According to Investments, Trade and Industry Cabinet Secretary Moses Kuria, the government is open to investors who are ready to construct the remaining 29 berths at Lamu Port, which is envisioned to have 32 berths.
The project, which commenced during former President Mwai Kibaki’s tenure, had its first three berths completed by his predecessor Uhuru Kenyatta at a cost of Sh40 billion.
Uhuru commissioned the facility, which is Kenya’s second major seaport, in May 2021.
It is part of the wider Sh2.5 trillion Lamu Port-Southern Sudan-Ethiopia Transport (Lapsset) corridor.
During his visit of Saudi Arabia and Dubai, Kuria held meetings with four key port operators.
These are DP World, Abu Dhabi Ports, Red Sea Gateway Terminal the Qatar Ports management.
“We are talking to people because we need massive investment in our ports. Concessioning of ports is very important,”Kuria responded to inquiries by the Star, on the government investment plans on ports.
According to Kuria, one berth at Lamu would have been enough to show proof of concept, with the remaining berths left for Pubic-Private Partnership.
“We are looking for the best deal. What is going to help us grow manufacturing, jobs and become a transhipment and free port hub for the region, so that people don’t really have to go to Dubai and other places,” Kuria said.
Lamu is considered a strategic port facility for becoming a transhipment hub.
Transhipment is the movement of goods or containers to an intermediate destination, then to another destination, with among reasons being to change the means of transport during the journey, known as trans-loading.
This mainly involves offloading of cargo from larger vessels, which cannot call at small ports, which are then loaded to feeder vessels for shipment to final destinations, and vice versa.
The port can handle ships with a carrying capacity of up to 12,000 TEUs, compared to the 8,000 to 10,000 TEUs carrying capacity vessels that are calling at the Port of Mombasa.
It can handle Post-Panamax ships. These are vessels that cannot pass the Panama Canal, with the word Post-Panamax being used to describe world's biggest vessels.
Its natural depth and proximity to the open sea makes it potential for transhipment as it will attract lager vessels that cannot dock at Mombasa, according to the Shippers Council of Eastern Africa (SCEA).
“Kenya can become a major player for transhipment and maritime trade. The government should give space to shipping lines to put up berths. This way, they will guarantee business, “chief executive Gilbert Langat told the Star.
During the run to last year’s general elections, ports were widely used to seek support from the coast region, with President William Ruto then promising to “take back port operations” to Mombasa.
DP World was at the centre of controversy after issues were raised over a deal with the then administration, which would have seen it take control of Lamu Port and other key facilities.

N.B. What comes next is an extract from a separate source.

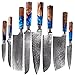 PRECISION CUTTING: Our 8-piece Damascus Steel Knife set features razor-sharp blades for precise cutting, including a chef knife, bread knife, cleaver, nakiri knife, santoku knife, utility knife, bone knife, and paring knife.

The Jubilee government had initiated talks with the firm to operate the first three berths at Lamu.
This was under an “Economic and Technical Cooperation Agreement” between the Kenya and the UAE, on March 1 last year.

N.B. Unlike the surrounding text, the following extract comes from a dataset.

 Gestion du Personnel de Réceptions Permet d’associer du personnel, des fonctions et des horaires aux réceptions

DP World FZE (or any of its subsidiaries) was to act on behalf of the government of UAE, as its agent, documents seen by the Star showed.

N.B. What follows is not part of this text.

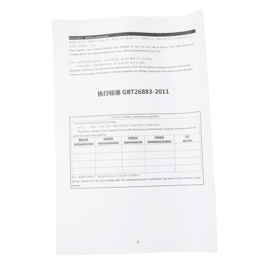 - Prędkość prasowania: 5 kg na godzinę (dla orzeszków ziemnych)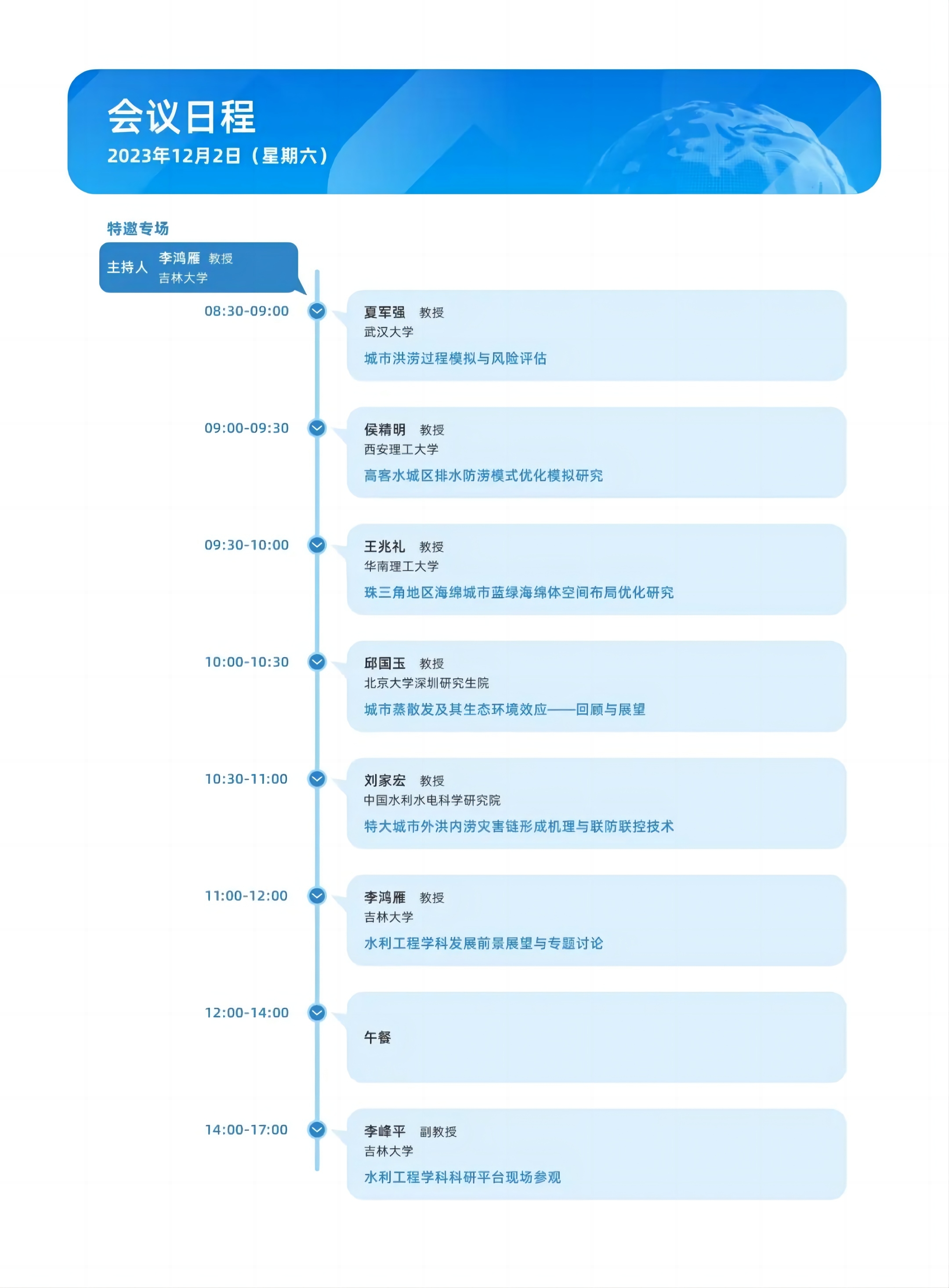 论坛简介:由哈哈体育、水利部数字孪生流域重点实验室主办,韩国忠南国立大学、韩国庆北大学、日本京都大学协办的“第六届中日韩水科学论坛”将于2023年12月2-3日在HAHA体育前卫北区理化楼540会议室召开,会议结合线下和线上形式,邀请多名国内外水科学领域专家学者,围绕“数字孪生与洪涝模拟”主题,分享、交流智慧水利和数字孪生领域的最新研究成果,探讨洪涝灾害过程模拟与风险管理中的前沿科学问题。

It would have had rights to undertake the development, operation, management and expansion of transport logistics services in Kenya, according to the deal.
In a letter by the then National Treasury Cabinet Secretary Ukur Yatani, to Sultan Ahmed Bin Sulayem, chairman DP World, Kenya was awaiting a proposal from UAE that would had included an implementation plan for six projects.
DP World was expected to sign a non-disclosure agreement with Kenya to enable access to information and documents to facilitate preparation of the detailed commercial proposal.
The Dubai firm was also to re-develop four berths at the Port of Mombasa, the conversion of berths 11-14 which are currently unable to handle containers operations, into a modern multi-purpose terminal capable of handling 1 million containers.
It was further expected to develop a 500-hectares Special Economic Zone next to the Lamu port, focused on agriculture value addition and servicing the Lamu corridor into Ethiopia and South Sudan.